Creative Minds: Rob Lowe
Rob Lowe, who stars as Chris “Literally” Traegar on NBC’s “Park and Recreation,” talks about destiny, the challenges of doing TV comedy and what to expect this season.
In your memoir, “Stories I Only Tell My Friends,” you take the mind-set that everything happens for a reason. How does “Parks and Recreation” fit that idea?
I was just finishing up on “Brothers & Sisters,” which had an amazing and successful run. After four years on a show, both in terms of the writing and the acting, everyone has sort of gone through their bag of tricks. So I was looking for the next challenge. Greg Daniels and Mike Schur [creators of “Parks and Recreation”] had a vague notion about bringing someone onto the show. And it was sort of kismet. In my meeting with Greg and Mike, they told me when they were asked to design the spinoff to “The Office,” their original idea was to make a comedy version of “The West Wing.” I sort of had to do it after I heard that.
Most of your career was built on drama. What do you find most challenging about doing comedy?
My No. 1 axiom about comedy is, there is no place for vanity or self-editing. When you’re on national television in extreme closeup, looking in a mirror and ad-libbing, “stop pooping,” you know you’ve crossed the Rubicon and you have taken that axiom to heart. That’s what it’s about. Have you seen that clip of Chris Traeger playing banjo on the Internet? That’s actually my favorite thing: Chris’ banjo playing. There’s a [photo] of him dancing to [House of Pain’s] “Jump Around” too. The other day a fan made me Post-its that had Chris Traeger saying, “This is literally the most important message you’ll get all day.” All that — it’s what every actor dreams of.

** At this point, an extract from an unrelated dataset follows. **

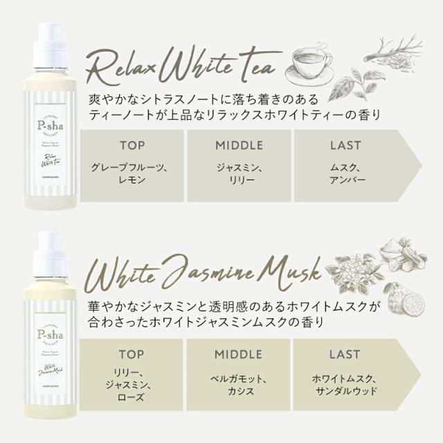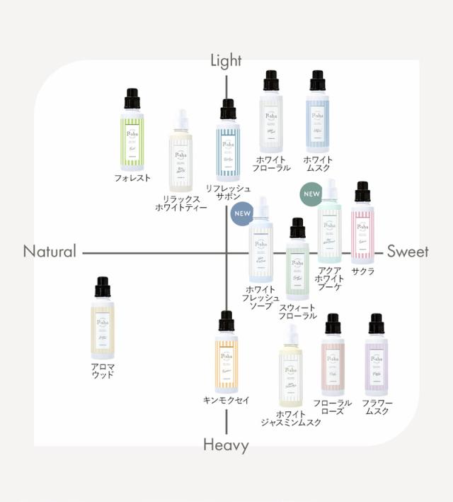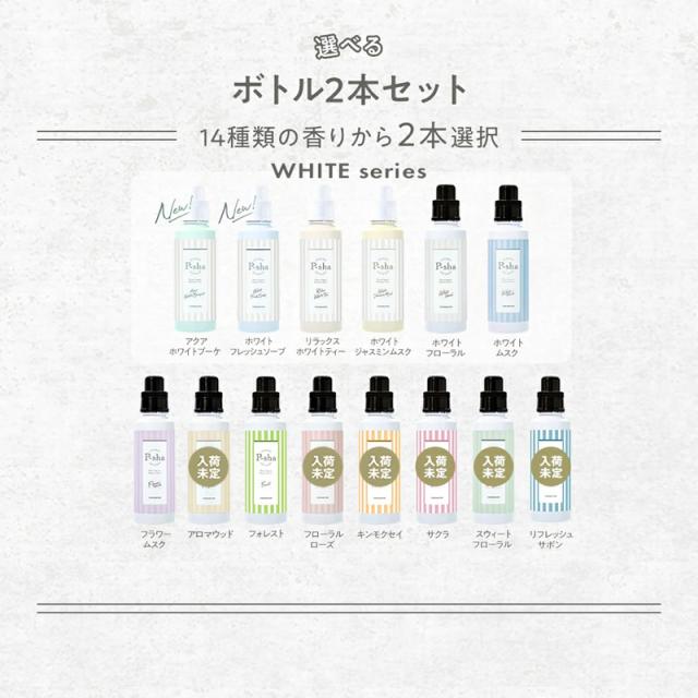 「ホワイトフローラル」「アロマウッド」「フローラルローズ」「ホワイトムスク」「スウィートフローラル」「フラワームスク」「キンモクセイ」「フォレスト」「サクラ」「リフレッシュサボン」「リラックスホワイトティー」「ホワイトジャスミンムスク」「アクアホワイトブーケ」「ホワイトフレッシュソープ」の14種類の香り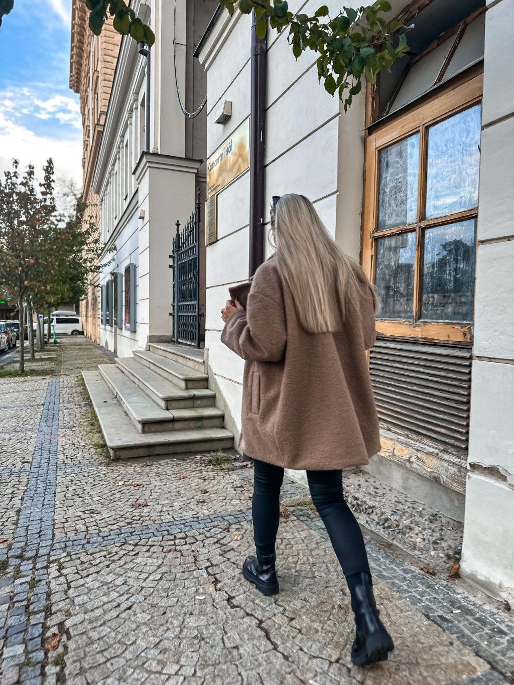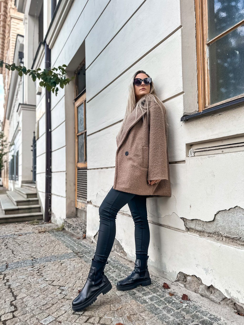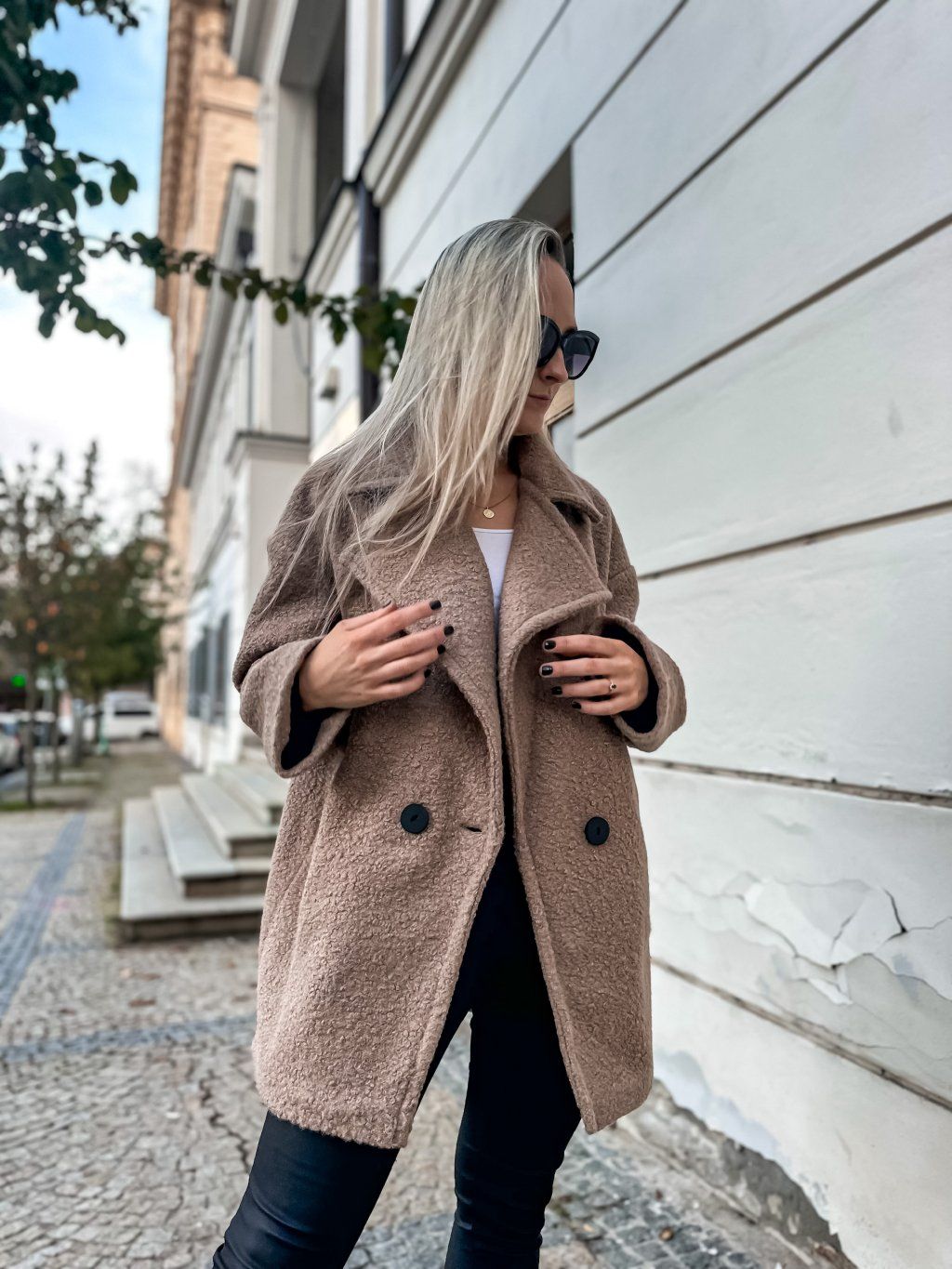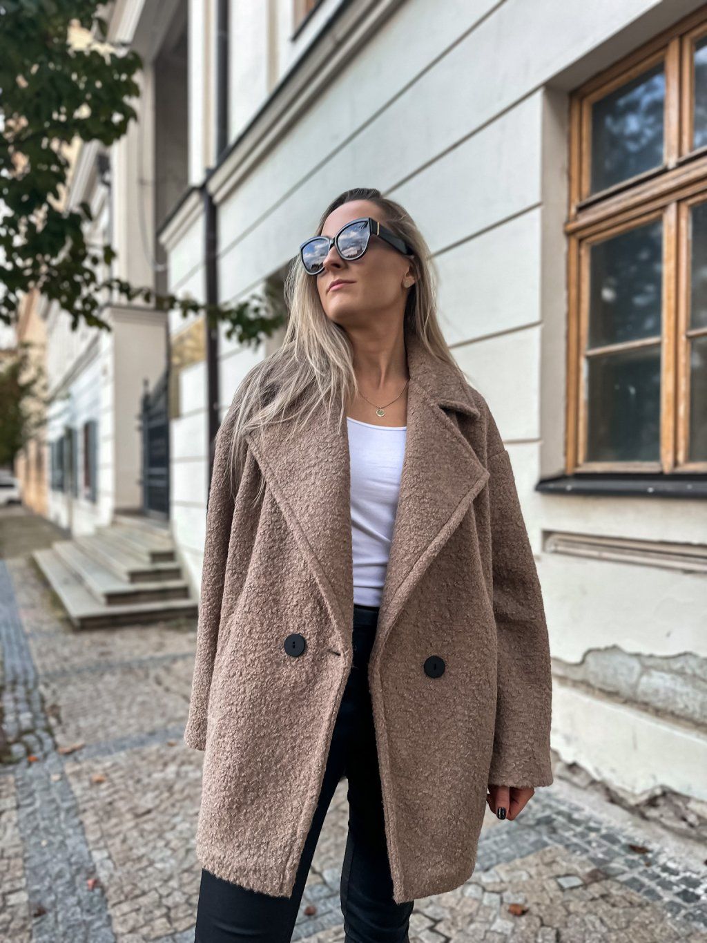 Stylový dámský oversize kabát s klopami do špičky, dlouhým rukávem, s předními kapsami a předním zapínáním na knoflíky.

Was there a TV show growing up that had an impact on you?
When I was a little kid I was very partial to “The Partridge Family.” I fashioned my haircut after David Cassidy for many, many years. The big throw-down for me was “Rich Man, Poor Man” and “Roots” — those were the watershed television moments for me growing up. I remember watching those like it was yesterday.
Now you’re creating those moments for others. What can we expect from Chris this season on “Parks and Recreation”?
I don’t think things are completely resolved with Anne Perkins, which I’m very excited about. I believe there’s a possibility that Chris may move to Pawnee permanently. And I think there’s a possibility that he may move next door to Ron Swanson. Those two as neighbors — it should actually be a tent-pole movie.